## What needs to be done
Where an image appears in the data, omit it and reproduce the rest exactly.

## Material provided
* * *

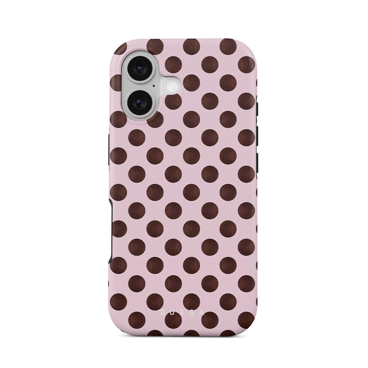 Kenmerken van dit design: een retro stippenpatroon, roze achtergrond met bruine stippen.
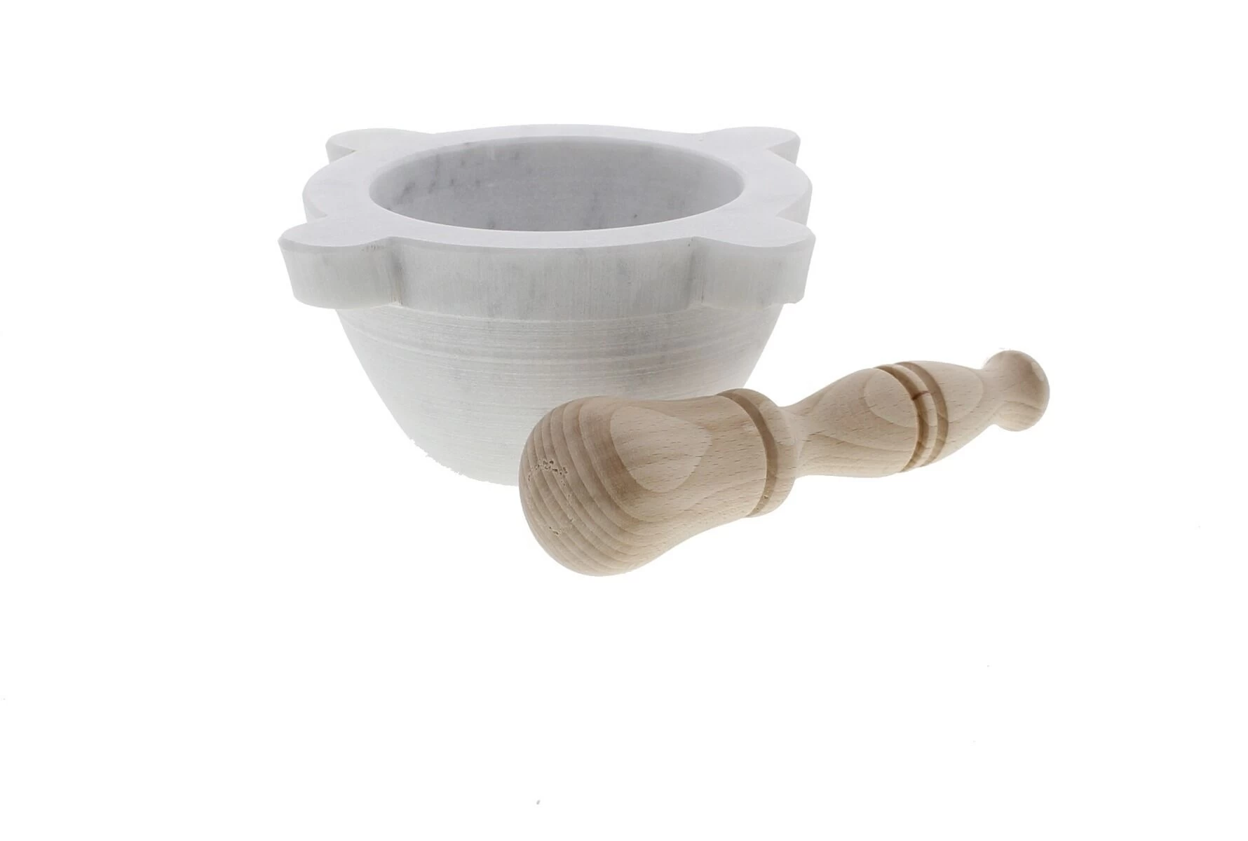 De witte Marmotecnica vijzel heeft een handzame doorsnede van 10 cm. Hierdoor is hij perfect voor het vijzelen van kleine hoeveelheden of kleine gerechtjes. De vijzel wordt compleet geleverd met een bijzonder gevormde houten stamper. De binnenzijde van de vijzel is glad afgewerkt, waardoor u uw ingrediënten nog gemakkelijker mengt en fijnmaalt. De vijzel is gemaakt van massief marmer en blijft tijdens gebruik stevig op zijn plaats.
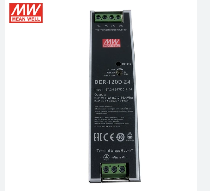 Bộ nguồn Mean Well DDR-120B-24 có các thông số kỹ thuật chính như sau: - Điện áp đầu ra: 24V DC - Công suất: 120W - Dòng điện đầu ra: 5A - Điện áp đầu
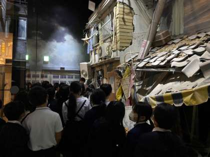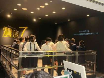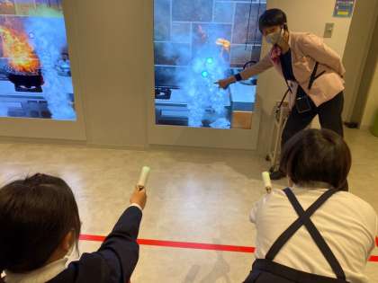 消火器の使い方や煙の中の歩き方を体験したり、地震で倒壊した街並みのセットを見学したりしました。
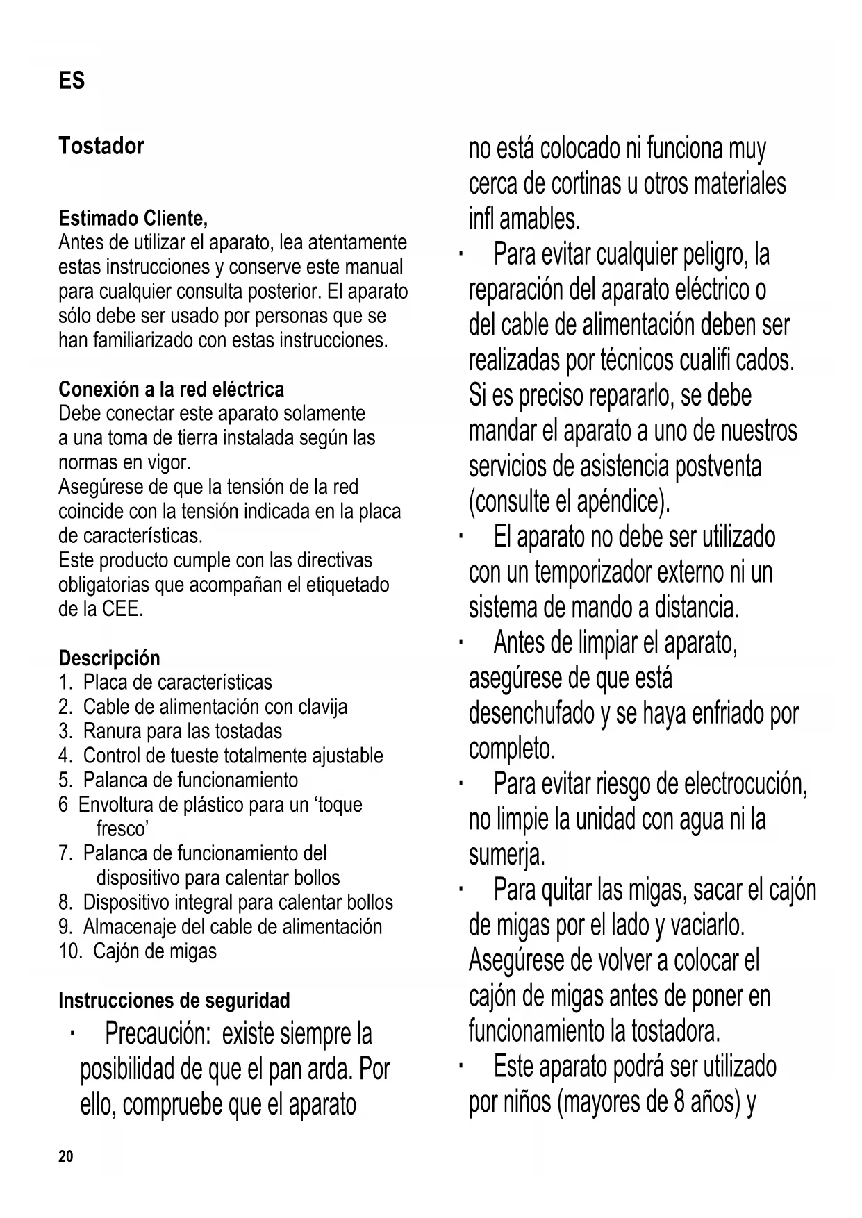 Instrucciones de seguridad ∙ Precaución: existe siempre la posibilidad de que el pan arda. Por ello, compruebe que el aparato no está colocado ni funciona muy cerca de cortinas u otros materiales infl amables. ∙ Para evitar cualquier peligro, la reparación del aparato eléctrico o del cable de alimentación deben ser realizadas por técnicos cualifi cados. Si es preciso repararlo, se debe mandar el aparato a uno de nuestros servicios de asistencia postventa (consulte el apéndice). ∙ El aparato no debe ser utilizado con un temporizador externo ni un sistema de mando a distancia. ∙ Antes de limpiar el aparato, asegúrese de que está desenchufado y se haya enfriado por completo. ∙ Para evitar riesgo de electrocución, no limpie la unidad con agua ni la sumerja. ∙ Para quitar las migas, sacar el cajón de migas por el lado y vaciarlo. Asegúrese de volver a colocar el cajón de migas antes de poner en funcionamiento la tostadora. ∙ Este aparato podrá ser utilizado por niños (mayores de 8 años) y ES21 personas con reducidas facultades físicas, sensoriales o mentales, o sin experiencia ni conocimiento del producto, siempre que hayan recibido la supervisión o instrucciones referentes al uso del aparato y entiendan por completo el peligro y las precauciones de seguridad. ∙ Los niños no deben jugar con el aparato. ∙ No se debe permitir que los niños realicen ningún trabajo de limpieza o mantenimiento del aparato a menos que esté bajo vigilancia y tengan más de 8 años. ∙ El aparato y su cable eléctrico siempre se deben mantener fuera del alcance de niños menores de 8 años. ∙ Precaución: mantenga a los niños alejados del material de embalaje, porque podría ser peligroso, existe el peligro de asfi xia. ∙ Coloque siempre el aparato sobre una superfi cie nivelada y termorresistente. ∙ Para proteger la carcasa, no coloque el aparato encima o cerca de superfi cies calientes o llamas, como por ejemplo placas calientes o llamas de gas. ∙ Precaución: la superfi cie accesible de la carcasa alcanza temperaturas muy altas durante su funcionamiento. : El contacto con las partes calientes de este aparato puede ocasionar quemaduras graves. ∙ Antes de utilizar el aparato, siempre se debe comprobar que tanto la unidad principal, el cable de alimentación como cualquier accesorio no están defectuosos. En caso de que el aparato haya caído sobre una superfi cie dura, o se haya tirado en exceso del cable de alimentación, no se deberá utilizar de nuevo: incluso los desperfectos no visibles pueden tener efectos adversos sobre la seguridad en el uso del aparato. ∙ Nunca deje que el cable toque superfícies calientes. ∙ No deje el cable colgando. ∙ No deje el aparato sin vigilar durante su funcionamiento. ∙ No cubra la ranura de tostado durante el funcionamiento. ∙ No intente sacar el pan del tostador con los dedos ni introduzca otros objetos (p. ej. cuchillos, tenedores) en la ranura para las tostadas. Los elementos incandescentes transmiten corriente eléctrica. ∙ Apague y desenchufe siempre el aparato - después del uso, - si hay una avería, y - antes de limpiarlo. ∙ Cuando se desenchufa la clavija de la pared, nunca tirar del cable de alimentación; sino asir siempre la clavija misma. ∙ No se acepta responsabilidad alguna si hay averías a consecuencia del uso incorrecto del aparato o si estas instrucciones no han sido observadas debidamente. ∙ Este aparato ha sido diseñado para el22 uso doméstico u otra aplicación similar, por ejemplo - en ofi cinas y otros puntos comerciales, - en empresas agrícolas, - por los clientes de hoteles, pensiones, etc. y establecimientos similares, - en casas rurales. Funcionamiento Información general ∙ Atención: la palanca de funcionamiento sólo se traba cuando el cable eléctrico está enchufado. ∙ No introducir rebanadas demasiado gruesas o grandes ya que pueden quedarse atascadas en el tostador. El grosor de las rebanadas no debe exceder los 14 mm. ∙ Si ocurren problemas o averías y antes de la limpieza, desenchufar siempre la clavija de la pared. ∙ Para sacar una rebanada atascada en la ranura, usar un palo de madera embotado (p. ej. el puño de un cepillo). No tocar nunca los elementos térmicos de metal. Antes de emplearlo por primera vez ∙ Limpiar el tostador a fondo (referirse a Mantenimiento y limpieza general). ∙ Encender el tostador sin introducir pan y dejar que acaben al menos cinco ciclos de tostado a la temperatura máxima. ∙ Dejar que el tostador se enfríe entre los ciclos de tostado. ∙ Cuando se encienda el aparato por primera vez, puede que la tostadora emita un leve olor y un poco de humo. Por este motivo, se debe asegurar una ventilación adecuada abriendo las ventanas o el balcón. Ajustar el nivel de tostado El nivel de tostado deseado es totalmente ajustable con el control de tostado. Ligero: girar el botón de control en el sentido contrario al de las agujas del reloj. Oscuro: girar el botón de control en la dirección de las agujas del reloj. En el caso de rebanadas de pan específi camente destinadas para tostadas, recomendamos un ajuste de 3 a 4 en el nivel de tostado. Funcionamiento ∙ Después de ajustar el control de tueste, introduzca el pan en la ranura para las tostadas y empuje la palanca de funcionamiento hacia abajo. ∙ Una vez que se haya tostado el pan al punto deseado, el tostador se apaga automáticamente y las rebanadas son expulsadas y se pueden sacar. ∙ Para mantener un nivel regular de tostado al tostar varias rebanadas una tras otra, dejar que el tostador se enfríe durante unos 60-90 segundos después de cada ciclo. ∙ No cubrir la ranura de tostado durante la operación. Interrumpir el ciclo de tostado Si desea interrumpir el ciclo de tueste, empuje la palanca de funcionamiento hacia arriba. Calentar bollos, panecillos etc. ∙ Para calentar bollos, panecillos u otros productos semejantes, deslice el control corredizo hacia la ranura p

* * *

## Task answer
 Kenmerken van dit design: een retro stippenpatroon, roze achtergrond met bruine stippen.
 De witte Marmotecnica vijzel heeft een handzame doorsnede van 10 cm. Hierdoor is hij perfect voor het vijzelen van kleine hoeveelheden of kleine gerechtjes. De vijzel wordt compleet geleverd met een bijzonder gevormde houten stamper. De binnenzijde van de vijzel is glad afgewerkt, waardoor u uw ingrediënten nog gemakkelijker mengt en fijnmaalt. De vijzel is gemaakt van massief marmer en blijft tijdens gebruik stevig op zijn plaats.
 Bộ nguồn Mean Well DDR-120B-24 có các thông số kỹ thuật chính như sau: - Điện áp đầu ra: 24V DC - Công suất: 120W - Dòng điện đầu ra: 5A - Điện áp đầu
 消火器の使い方や煙の中の歩き方を体験したり、地震で倒壊した街並みのセットを見学したりしました。
 Instrucciones de seguridad ∙ Precaución: existe siempre la posibilidad de que el pan arda. Por ello, compruebe que el aparato no está colocado ni funciona muy cerca de cortinas u otros materiales infl amables. ∙ Para evitar cualquier peligro, la reparación del aparato eléctrico o del cable de alimentación deben ser realizadas por técnicos cualifi cados. Si es preciso repararlo, se debe mandar el aparato a uno de nuestros servicios de asistencia postventa (consulte el apéndice). ∙ El aparato no debe ser utilizado con un temporizador externo ni un sistema de mando a distancia. ∙ Antes de limpiar el aparato, asegúrese de que está desenchufado y se haya enfriado por completo. ∙ Para evitar riesgo de electrocución, no limpie la unidad con agua ni la sumerja. ∙ Para quitar las migas, sacar el cajón de migas por el lado y vaciarlo. Asegúrese de volver a colocar el cajón de migas antes de poner en funcionamiento la tostadora. ∙ Este aparato podrá ser utilizado por niños (mayores de 8 años) y ES21 personas con reducidas facultades físicas, sensoriales o mentales, o sin experiencia ni conocimiento del producto, siempre que hayan recibido la supervisión o instrucciones referentes al uso del aparato y entiendan por completo el peligro y las precauciones de seguridad. ∙ Los niños no deben jugar con el aparato. ∙ No se debe permitir que los niños realicen ningún trabajo de limpieza o mantenimiento del aparato a menos que esté bajo vigilancia y tengan más de 8 años. ∙ El aparato y su cable eléctrico siempre se deben mantener fuera del alcance de niños menores de 8 años. ∙ Precaución: mantenga a los niños alejados del material de embalaje, porque podría ser peligroso, existe el peligro de asfi xia. ∙ Coloque siempre el aparato sobre una superfi cie nivelada y termorresistente. ∙ Para proteger la carcasa, no coloque el aparato encima o cerca de superfi cies calientes o llamas, como por ejemplo placas calientes o llamas de gas. ∙ Precaución: la superfi cie accesible de la carcasa alcanza temperaturas muy altas durante su funcionamiento. : El contacto con las partes calientes de este aparato puede ocasionar quemaduras graves. ∙ Antes de utilizar el aparato, siempre se debe comprobar que tanto la unidad principal, el cable de alimentación como cualquier accesorio no están defectuosos. En caso de que el aparato haya caído sobre una superfi cie dura, o se haya tirado en exceso del cable de alimentación, no se deberá utilizar de nuevo: incluso los desperfectos no visibles pueden tener efectos adversos sobre la seguridad en el uso del aparato. ∙ Nunca deje que el cable toque superfícies calientes. ∙ No deje el cable colgando. ∙ No deje el aparato sin vigilar durante su funcionamiento. ∙ No cubra la ranura de tostado durante el funcionamiento. ∙ No intente sacar el pan del tostador con los dedos ni introduzca otros objetos (p. ej. cuchillos, tenedores) en la ranura para las tostadas. Los elementos incandescentes transmiten corriente eléctrica. ∙ Apague y desenchufe siempre el aparato - después del uso, - si hay una avería, y - antes de limpiarlo. ∙ Cuando se desenchufa la clavija de la pared, nunca tirar del cable de alimentación; sino asir siempre la clavija misma. ∙ No se acepta responsabilidad alguna si hay averías a consecuencia del uso incorrecto del aparato o si estas instrucciones no han sido observadas debidamente. ∙ Este aparato ha sido diseñado para el22 uso doméstico u otra aplicación similar, por ejemplo - en ofi cinas y otros puntos comerciales, - en empresas agrícolas, - por los clientes de hoteles, pensiones, etc. y establecimientos similares, - en casas rurales. Funcionamiento Información general ∙ Atención: la palanca de funcionamiento sólo se traba cuando el cable eléctrico está enchufado. ∙ No introducir rebanadas demasiado gruesas o grandes ya que pueden quedarse atascadas en el tostador. El grosor de las rebanadas no debe exceder los 14 mm. ∙ Si ocurren problemas o averías y antes de la limpieza, desenchufar siempre la clavija de la pared. ∙ Para sacar una rebanada atascada en la ranura, usar un palo de madera embotado (p. ej. el puño de un cepillo). No tocar nunca los elementos térmicos de metal. Antes de emplearlo por primera vez ∙ Limpiar el tostador a fondo (referirse a Mantenimiento y limpieza general). ∙ Encender el tostador sin introducir pan y dejar que acaben al menos cinco ciclos de tostado a la temperatura máxima. ∙ Dejar que el tostador se enfríe entre los ciclos de tostado. ∙ Cuando se encienda el aparato por primera vez, puede que la tostadora emita un leve olor y un poco de humo. Por este motivo, se debe asegurar una ventilación adecuada abriendo las ventanas o el balcón. Ajustar el nivel de tostado El nivel de tostado deseado es totalmente ajustable con el control de tostado. Ligero: girar el botón de control en el sentido contrario al de las agujas del reloj. Oscuro: girar el botón de control en la dirección de las agujas del reloj. En el caso de rebanadas de pan específi camente destinadas para tostadas, recomendamos un ajuste de 3 a 4 en el nivel de tostado. Funcionamiento ∙ Después de ajustar el control de tueste, introduzca el pan en la ranura para las tostadas y empuje la palanca de funcionamiento hacia abajo. ∙ Una vez que se haya tostado el pan al punto deseado, el tostador se apaga automáticamente y las rebanadas son expulsadas y se pueden sacar. ∙ Para mantener un nivel regular de tostado al tostar varias rebanadas una tras otra, dejar que el tostador se enfríe durante unos 60-90 segundos después de cada ciclo. ∙ No cubrir la ranura de tostado durante la operación. Interrumpir el ciclo de tostado Si desea interrumpir el ciclo de tueste, empuje la palanca de funcionamiento hacia arriba. Calentar bollos, panecillos etc. ∙ Para calentar bollos, panecillos u otros productos semejantes, deslice el control corredizo hacia la ranura p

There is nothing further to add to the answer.